Am Sonntag fällt ein kleines Wort im Dom,
Am Montag rollt es wachsend durch die Gasse,
Am Dienstag spricht man schon vom Rassenhasse,
Am Mittwoch rauscht und raschelt es: Pogrom!
Am Donnerstag weiß man es ganz bestimmt:
Die Juden sind an Russlands Elend schuldig!
Wir waren nur bis dato zu geduldig.
(Worauf man einige Schlucke Wodka nimmt ...)
Der Freitag bringt die rituelle Leiche,
Man stößt den Juden Flüche in die Rippen
Mit festen Messern, dass sie rückwärts kippen.

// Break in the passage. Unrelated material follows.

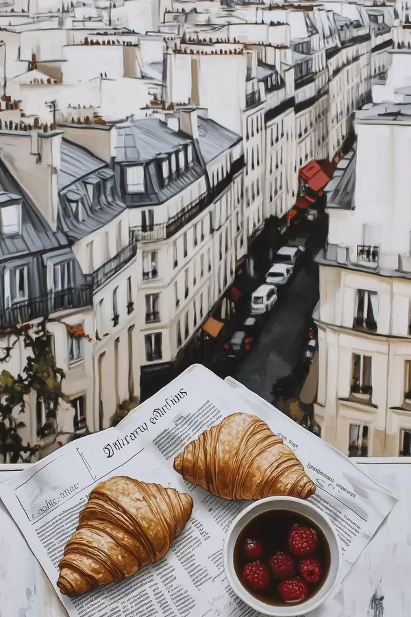 Poster Caffè mattutino con croissant, strada della città, stile architettonico, olio Nr f43891

Die Frauen wirft man in diverse Teiche.
Am Samstag liest man in der "guten" Presse:
Die kleine Rauferei sei schon behoben,
Man müsse Gott und die Regierung loben ...

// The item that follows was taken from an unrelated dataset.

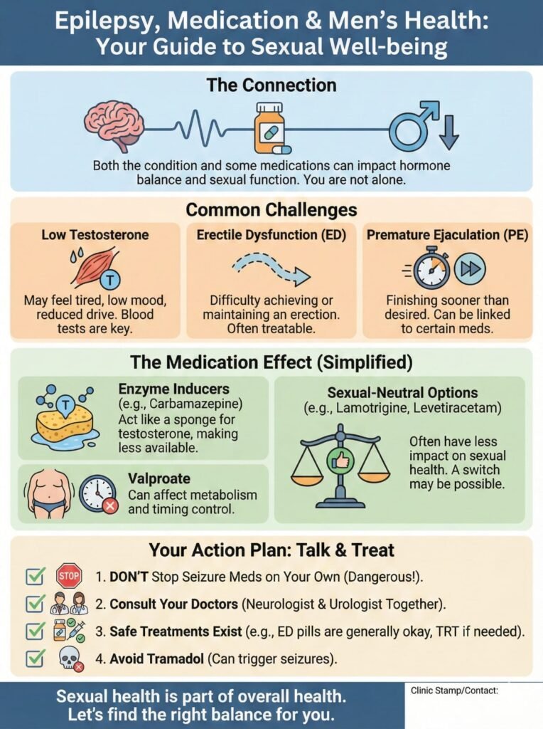- Lifestyle Shifts: Proper sleep, zinc-rich diets, and stress management are essential, as fatigue is a major trigger for both seizures and low libido.
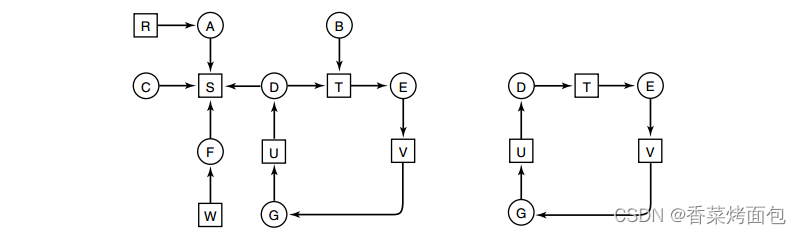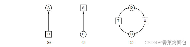 上图为资源分配图,其中方框表示资源,圆圈表示进程。资源指向进程表示该资源已经分配给该进程,进程指向资源表示进程请求获取该资源。

(Denn andernfalls kriegt man eins in die Fresse.)
(Klabund alias Alfred Henschke [1890-1928]: Die Harfenjule. Neue Zeit-, Streit- und Leidgedichte, Berlin 1927)

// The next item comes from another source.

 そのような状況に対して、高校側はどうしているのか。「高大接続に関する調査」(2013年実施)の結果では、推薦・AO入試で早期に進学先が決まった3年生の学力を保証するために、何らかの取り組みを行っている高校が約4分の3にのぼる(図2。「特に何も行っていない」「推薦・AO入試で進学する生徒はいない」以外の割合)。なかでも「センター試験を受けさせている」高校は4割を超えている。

Anmerkung: Parallelen zum aktuellen Zeitgeschehen sind selbstverständlich rein zufällig - gehen Sie weiter, hier gibt es nichts zu sehen. Loben Sie Merkel und die übrigen Europa-Retter! Verdammen Sie Assad oder wahlweise einen anderen Despoten oder eine Minderheit Ihrer Wahl, aber stellen Sie niemals die Kompetenz oder das Wohlwollen unserer lieben Regierung in Frage! (Andernfalls gibt's was in die Fresse. Ist ja klar. Denn sie haben einzig das Wohlergehen der Menschen im Sinn.)
1 Kommentar:
Sehr passend! Die Worte "Juden" und "Russland" sind da beliebig austauschbar.... heute würde man vielleicht schreiben: "Die Moslems sind an Deutschlands Elend schuldig" oder wahlweise "Die Roma sind an Ungarns Elend schuldig" oder oder oder. Ob der Dichter geahnt hat was sechs Jahre nach der Veröffentlichung seines Gedichtes mit den Juden geschehen würde?